ChaosFoxCostuming on 5 years ago
I know a lot of the photo's are similar but I wasn't sure which ones to upload like what was best of worst you know.
That would be the first problem and fortunately you have identified it. Fortunately you are not as bad as most people with this problem. To me the set doesn't get real interesting until the last nine photos. They all got something interesting and different going on.
The first 12 photos the subject doesn't seem too into it and could really benefit from some extra direction. She seems bored, uncomfortable or just not ready. Out of the first 12, there are about 4 I would have kept.
In some of the pics there seems to be this unusual cropping. Some pictures are skinny rectangles, some are square and some are normal. I prefer the original dimensions of a cameras aspect ratio unless you are dealing with more complicated factors such as a specific stylized look, something horrible got in the shot, prints or video.
The location is pretty good and this one is probably my favorite [url]https://www.facebook.com/photo.php?fbid=254039854771953&set=a.254039498105322.1073741841.210093412499931&type=3&theater[/url]

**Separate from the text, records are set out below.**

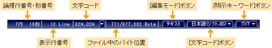 必要な情報をすばやく得ることができ、またカレントウィンドウの編集モードも変更できます。
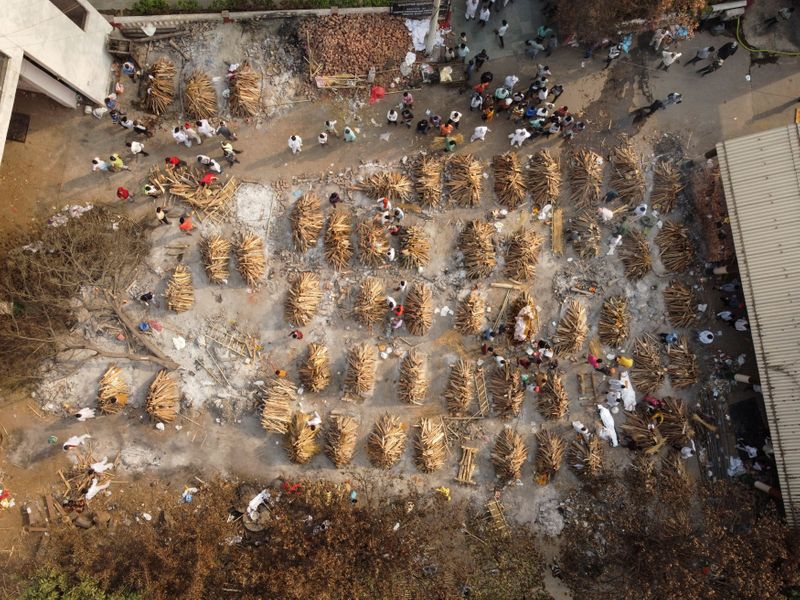 NOVA DÉLHI/MUMBAI (Reuters) – O total de casos de Covid-19 da Índia passou de 18 milhões nesta quinta-feira, na esteira de mais um recorde mundial de infecções diárias, enquanto coveiros trabalham 24 horas para enterrar vítimas e fileiras de piras funerárias são montadas em parques e estacionamentos.
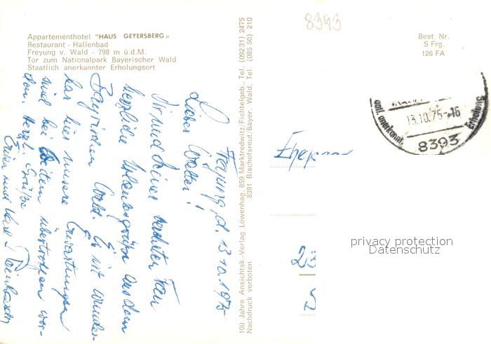 73164273 alte Postkarte Freyung Appartementhotel Haus Geyersberg postalisch gelaufen Erhaltung siehe scans [FriedD77] KatCode: 11110009272118
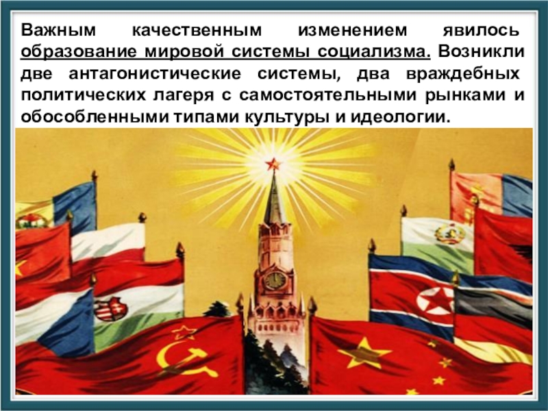 Слайд 20Важным качественным изменением явилось образование мировой системы социализма. Возникли две антагонистические
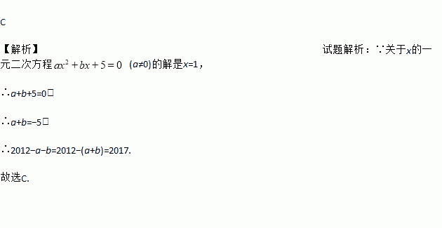 若关于x的一元二次方程ax2+bx+5=0(a≠0)的解是x=1,则2012﹣a﹣b的值是( )
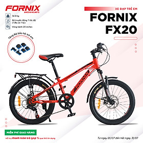Chắc hẳn bạn cũng biết tác dụng của việc đạp xe đạp đến sức khỏe của chúng ta tốt như thế nào, không chỉ cho người lớn mà việc đạp xe còn mang lại những lợi ích tuyệt vời cho trẻ nhỏ, giúp trẻ ngày một phát triển toàn diện hơn. Bên cạnh đó còn giúp trẻ có thêm những kiến thức mới, khám phá những điều mới mẻ, tốt cho não bộ, dễ dàng nâng cao trí nhớ với mỗi đoạn đường từng đi qua. Tuy nhiên thị trường xe đạp trẻ em rất đa dạng khiến bậc phụ huynh gặp khó khăn khi lựa chọn cho trẻ một chiếc xe đạp phù hợp. Vì vậy, Fornix đề cử FORNIX FX20 cho các bậc phụ huynh là một dòng xe mang phong cách cá tính và hiện đại mà vẫn đủ tiêu chuẩn phù hợp với trẻ nhé.   Thông số kỷ thuật xe đạp trẻ em Fornix FX20: Khung sườn xe: Khung sườn xe được làm từ hợp kim thép cao cấp với kiểu dáng mạnh mẽ và màu sắc bắt mắt. Vì chất liệu khung là hợp kim thép cao cấp nên rất chắc chắn và bền bỉ sẽ giúp trẻ tự tin khi chạy hơn.   Bộ truyền động: Tích hợp bộ truyền động 7 tốc độ (1 đĩa và 7 líp) giúp trẻ có thể thay đổi tốc độ đạp nặng nhẹ, nhanh chậm tùy ý. 07 líp sau   01 đĩa trước   Phuộc trước: Phuộc xe được làm từ hợp kim thép cao cấp nhằm hạn chế tối đa bị xóc ở phần cổ xe khi di chuyển trên địa hình xấu.   Phanh xe: FORNIX FX20 được trang bị bộ phanh thắng đĩa trước và sau vừa tăng tính thẩm mỹ của xe, vừa đảm bảo sự an toàn tuyệt đối cho trẻ khi đạp xe ngoài đường. phanh đĩa trước    phanh đĩa sau    Tay cầm ngang: Thiết kế tay lái ngang nhỏ gọn cùng với bộ chuyển tốc giúp trẻ có thêm sự khám phá trong quá trình đạp xe trên nhiều địa hình khác nhau   - Ngoài ra, FORNIX FX20 còn được kết hợp thêm baga chở người phía sau cứng cáp và chịu lực tốt. Để tăng độ an toàn cho trẻ, xe được trang bị thêm tấm phản quang ở bánh trước và sau giúp các bậc phụ huynh yên tâm hơn khi trẻ di chuyển ở những khu vực thiếu sáng. Hãy ghé ngay FORNIX để được trải nghiệm những tính năng mới của dòng xe đạp trẻ em Fornix FX20 nhé!
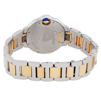 Silver-tone stainless steel case with a two-tone (silver-tone and yellow gold-tone) stainless steel and 18kt yellow gold bracelet. Fixed yellow gold-tone 18kt yellow gold bezel. Silver-tone dial with blued-steel sword-shaped hands and Roman numeral hour markers. Minute scale around the inner rim. Dial Type: Analog. Automatic movement. Scratch resistant sapphire crystal. Cabochon crown. Round case shape, case size: 33 mm, case thickness: 10.16 mm. Fold over clasp with a safety release. Water resistant at 30 meters / 100 feet. Functions: hour, minute, second. Ballon Bleu Series. Luxury watch style. Watch label: Swiss Made. Cartier Ballon Bleu Automatic Silver Dial Ladies Watch W2BB0037.
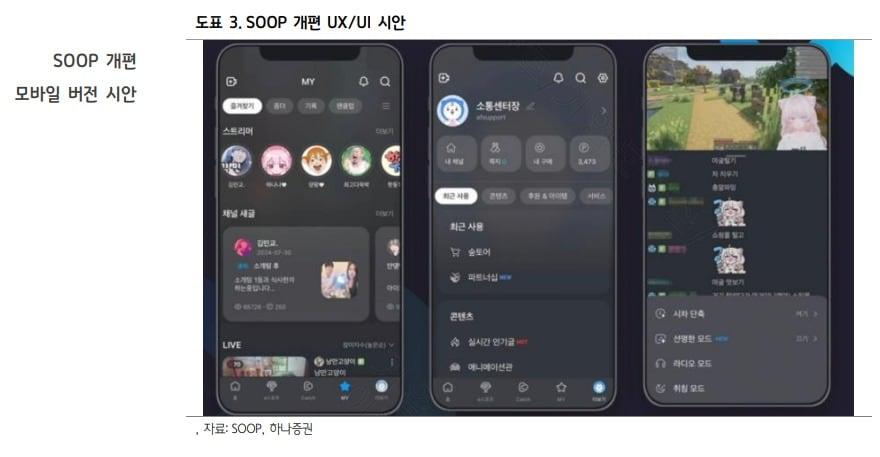 (출처=하나증권 리포트)관련 키워드SOOP문혜원 기자 '역대 최대' 서학개미 47조원 순매수…기아 시총만큼 사들였다신한자산운용 "성과 검증된 자산으로 펀드 자금 쏠릴 것"관련 기사SOOP, 프로게임단 'DN 수퍼스' 출정식 1월 3일 개최배그나, 소향 '가슴만 알죠' 리메이크…29일 발매SOOP '플랫폼통합·AI 고도화·콘텐츠 제휴' 신년 3대 사업 키워드 제시"스트리머 자리 비워도 AI가 방송"…SOOP '쌀사 2.0' 공개SOOP, '2025 스트리머 대상' 개최…이용자 참여 이벤트도 마련
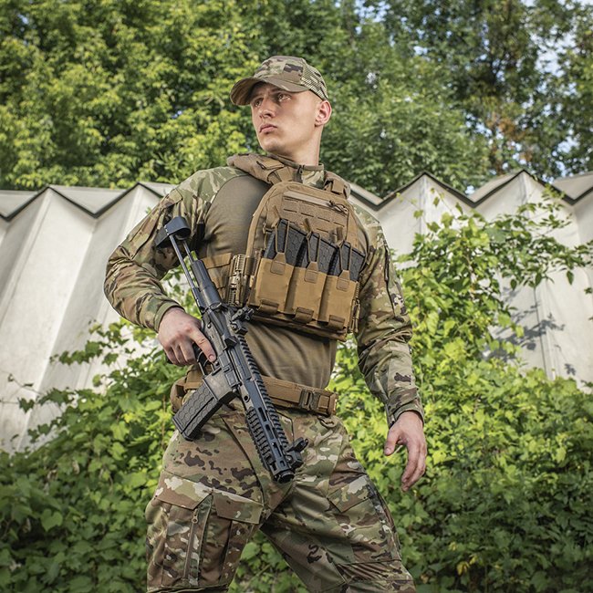 Der Plate Carrier Cuirass QRS markiert eine Evolutionsstufe in der Entwicklung der Plattenträgerlinie der ukrainischen Marke M-Tac. Das neue Design mit Schnellverschlusssystem, modularen Taschen auf der Vorderseite, ein skelettierter Kummerbund kombiniert mit zuverlässigen Cordura Materialien machen diesen Plattenträger zu einer würdigen Wahl.
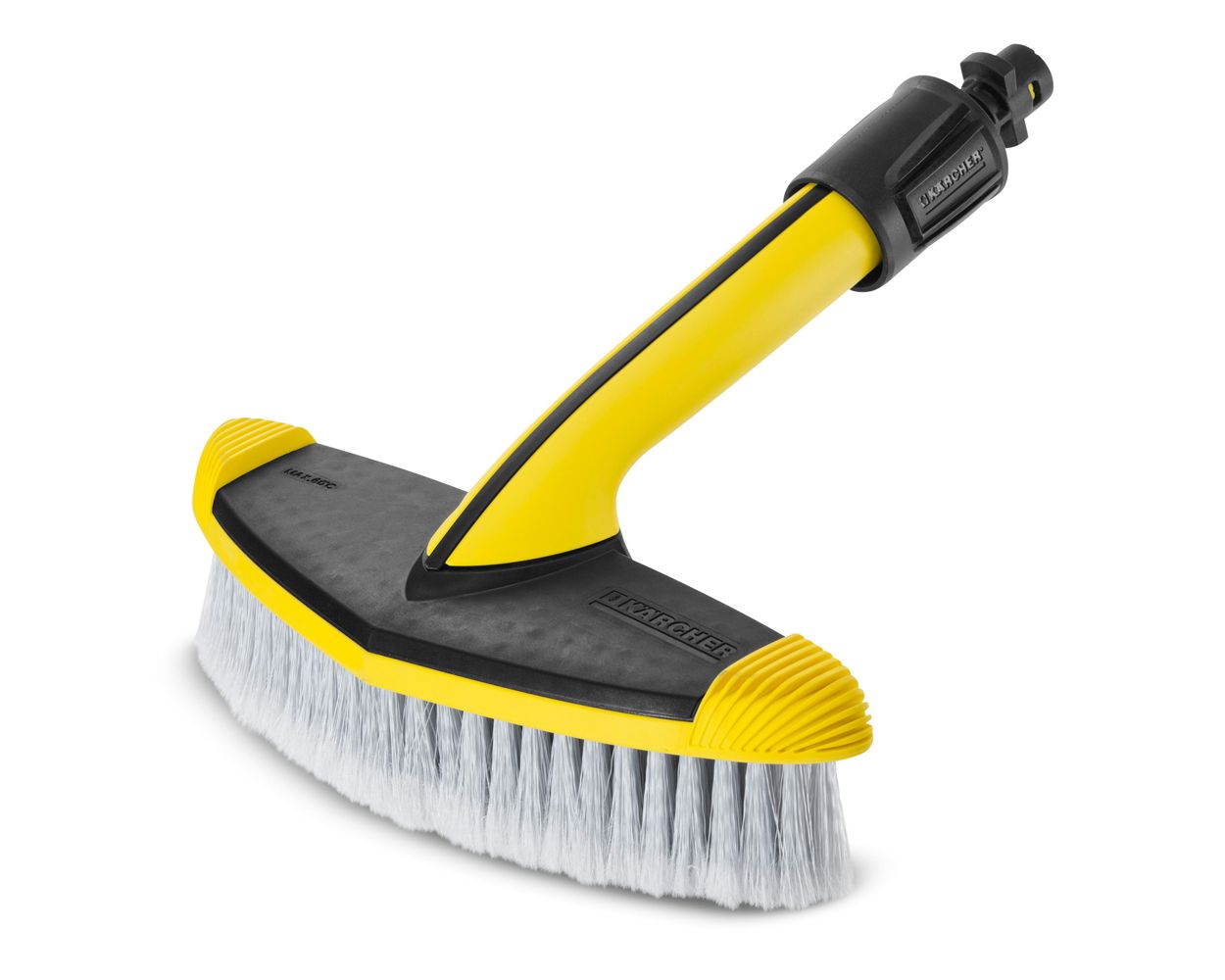 In addition to superior cleaning power, the soft bristles are kind to surfaces. The outer protector ring protects surfaces against scratches. The Kärcher WB 60 soft wash brush includes a union nut for a secure spray gun connection and a rubber pad to help remove stubborn dirt, e.g. insects and ergonomic handle for ease of use.
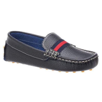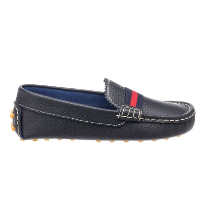 Riviera ready! Made from supple leather in rich, natural tones, our club loafer is prime for strolling by the club—or the playground. Hand-stitching all around, breathable leather lining and insole, and a pattern of rubber pebbles on the shoe’s outer sole and ankle support your little sailor’s steps. Navy and red stripes across the upper bring an irresistible nautical charm, fit for any look. Classic and versatile, pair with dressy and play outfits alike.
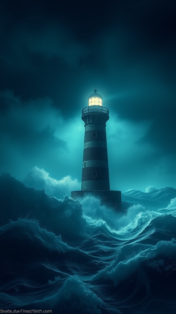 A solitary lighthouse stood tall against the backdrop of a turbulent sea, its beam slicing through the stormy night like a guardian's watchful eye, guiding weary sailors safely back to the shore. Amidst the deafening crash of waves and the whispered secrets of the wind, the light flickered, casting dancing shadows that whispered tales of old maritime legends and forgotten journeys.
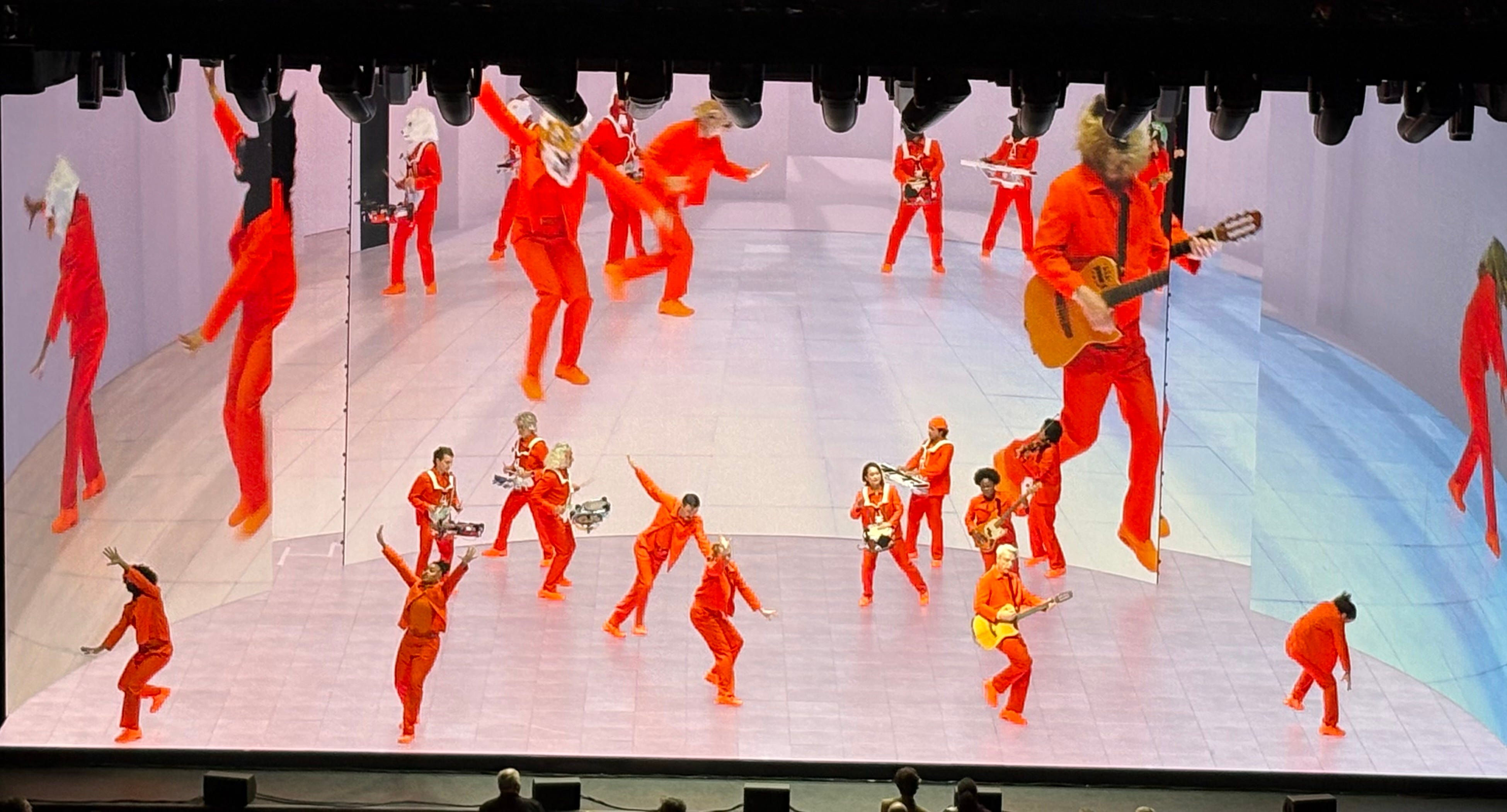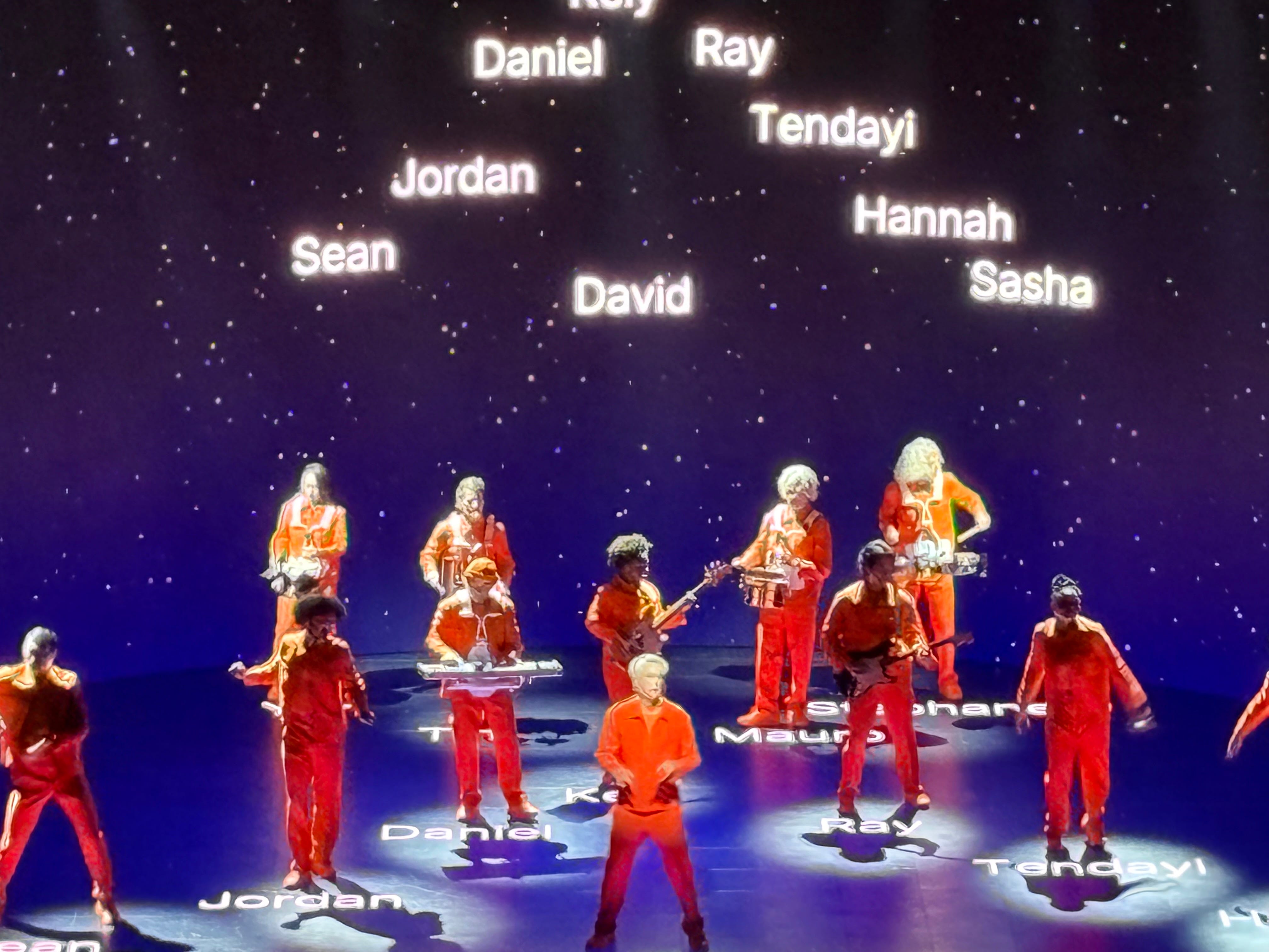 Byrne looked visibly delighted to be part of the ensemble rather than towering over it. He’s built something so tight, so well-drilled, that his own performance was elevated by the collective. The show used stage tech to name-check each performer individually, their names appearing and moving with them as they crossed the stage.
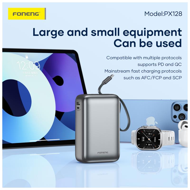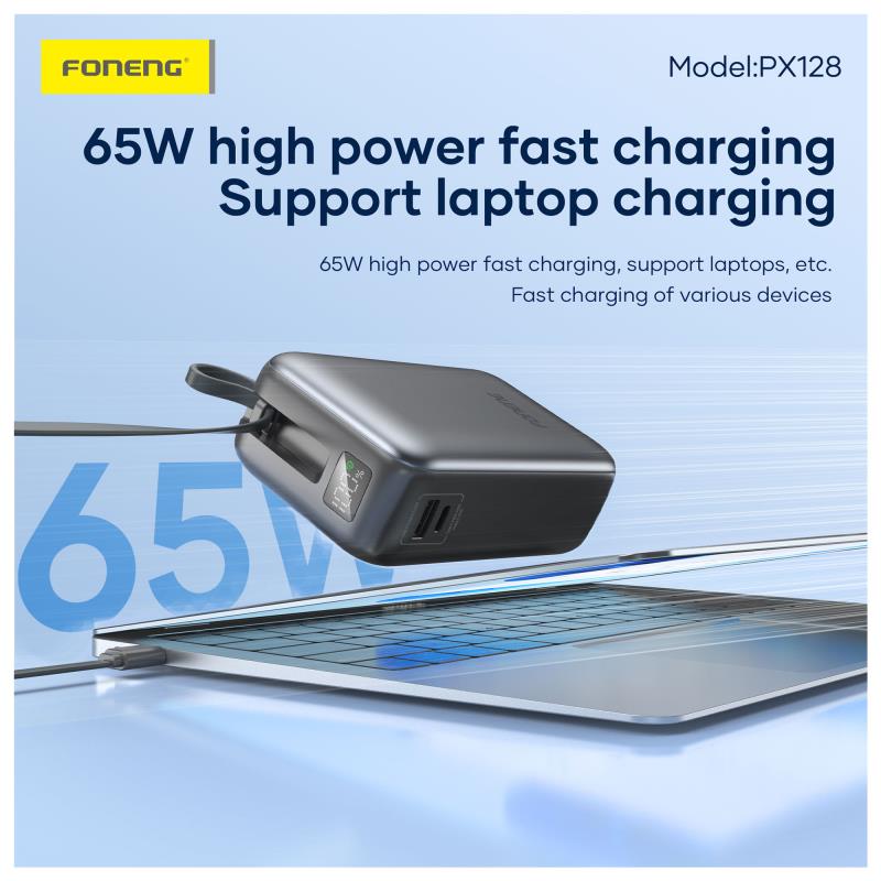 Το Foneng PX128 είναι ένα power bank 30000 mAh σχεδιασμένο για αξιόπιστη γρήγορη φόρτιση έως 65W. Διαθέτει τρεις θύρες εξόδου (USB A, θύρα USB C, καλώδιο USB C) και υποστηρίζει είσοδο μέσω θύρας USB C και καλωδίου. Μια ενσωματωμένη οθόνη LCD δείχνει το υπόλοιπο ποσοστό της μπαταρίας. Με διαστάσεις περίπου 110.0×70.0x37.0 mm και βάρος περίπου 480g, είναι συμπαγές και εύκολο στη μεταφορά για την χωρητικότητά του.
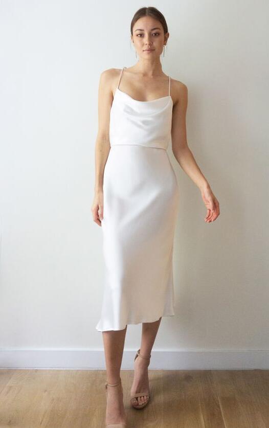 Simple Cowl Neck White Silk Satin Tea Length Prom Dress

See how those walls and even the carpet are "coming toward" the subject? You need to do more stuff like that. If you cropped this photo at all, could you post the original here so I could see what it looked like before?
The worst has gotta be [url]https://www.facebook.com/photo.php?fbid=254039704771968&set=a.254039498105322.1073741841.210093412499931&type=3&theater[/url]
Angle and pose aren't too flattering. Background is brighter than subject and the glass is dirty.
What camera are you using?
ChaosFoxCostuming on 5 years ago
nathancarter on 5 years ago
Ken nailed a lot of good points.
Focus and sharpness look good. Facebook strips the EXIF but it looks like your other settings were under control. Good exposure on the skin, which is very important - so, nice work for your first time in full manual.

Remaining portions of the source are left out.